Gene rearrangements between TMPRSS2, which is an androgen receptor-regulated gene located at (21q22.3) and members of ETS family of transcription factors, commonly ERG (21q22.2), are reflective of molecular subtypes of PCA and are proposed to be associated with specific downstream molecular alteration responsible for disease progression [2-5]. ERG, as the most common fusion partner of TMPRSS2 [6, 7], is detected in approximately 50% of prostate-specific antigen (PSA) – screened prostate cancers [8]. ETS rearrangements also appear to be more common in peripheral zone than transition zone tumors [9]. However, the incidence and relation of such molecular alterations in different ethnic groups are not well characterized yielding conflicting results based on several published reports [10-12]. ERG has been suggested to be not prognostic in surgical cohorts compared to non-surgically treated cohorts such as those in active surveillance programs or watchful waiting [13-16]. The prevalence of ERG expression or gene rearrangements in western PCA population ranges from 50 to 70% with documented differences between Caucasian-Americans and African-Americans, with ERG being more frequent in Caucasian-Americans (41.9% vs 23.9%) [17]. In Chinese PCA populations, ERG was noted at much lower frequency of ~14% [18]. Similar incidence was also observed in patients with Asian descent from Japan, Korea [19] and India [20].

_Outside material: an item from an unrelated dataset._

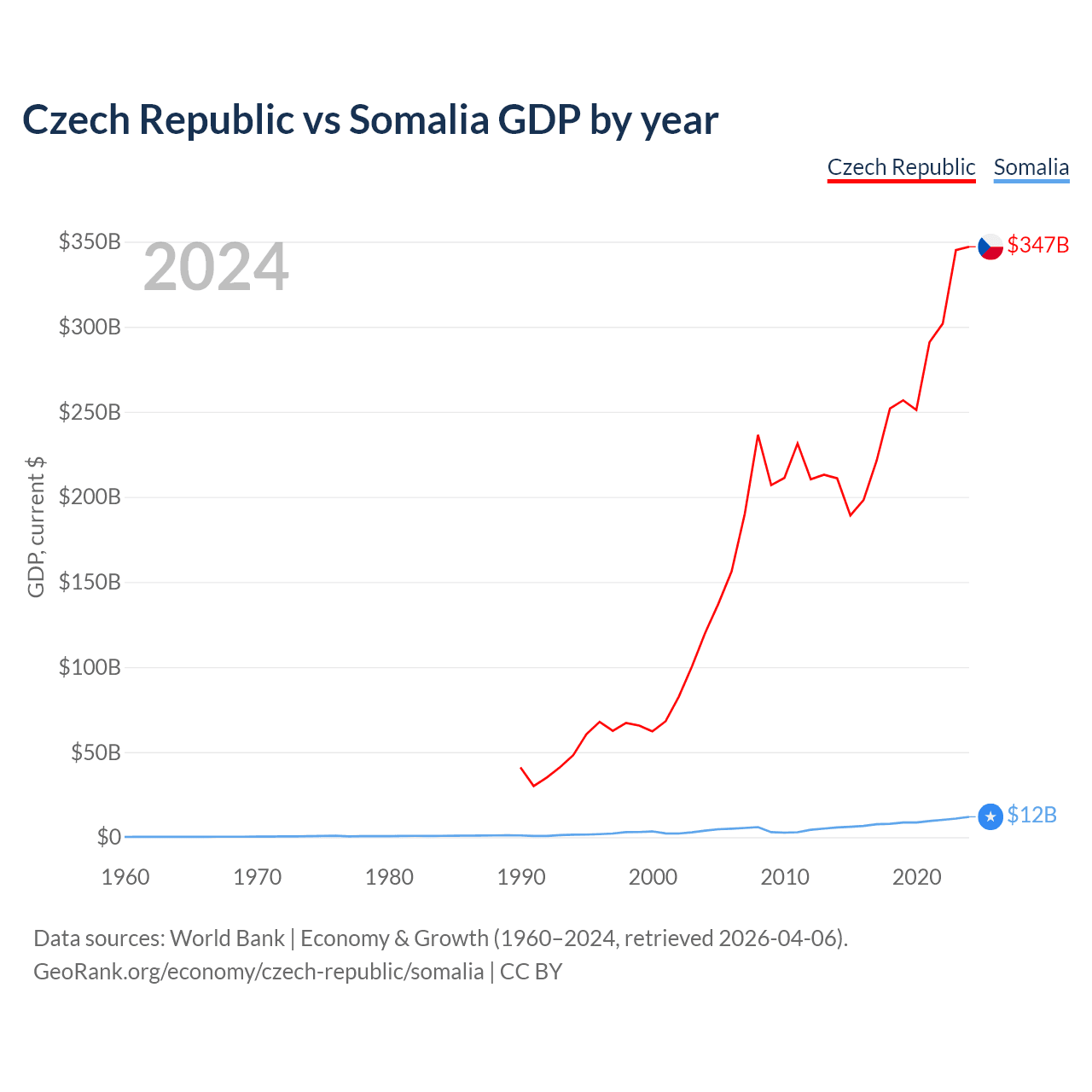 The Czech Republic has a GDP of $347B compared to $12B for Somalia, ranking 44/197 and 150/197 by economy size, respectively.

One previous study performed in Middle East (Jordan) in 2017 with 193 prostatic cancer cases suggested ERG to be present in slightly lower incidence at 33.2% compared to Caucasian American [21].

PTEN is one of the most commonly inactivated tumor suppressor genes in prostate cancer [22] and PTEN genomic deletions or protein loss have been associated with several cancer progression including PCA [23-25]. Several studies have documented association between PTEN genomic deletions or protein loss and worse clinical outcome in PCA patients [26, 28, 29] which has been gaining significant value in clinical practice given its potential endorsement by the Food and Drug Administration (FDA) as clinically valued biomarker in PCA [26]. Several studies have also documented association between ERG gene rearrangements/expression and increased incidence of PTEN deletions/loss of expression (i.e. there is enrichment of in PTEN deletion in tumor foci with ERG gene rearrangements (Bismar, et al. 2010) [23]. We also reported significant association of homozygous PTEN genomic deletions and ERG gene rearrangements with lymph node metastasis, hormone-refractory PCA and cancer-specific death [27].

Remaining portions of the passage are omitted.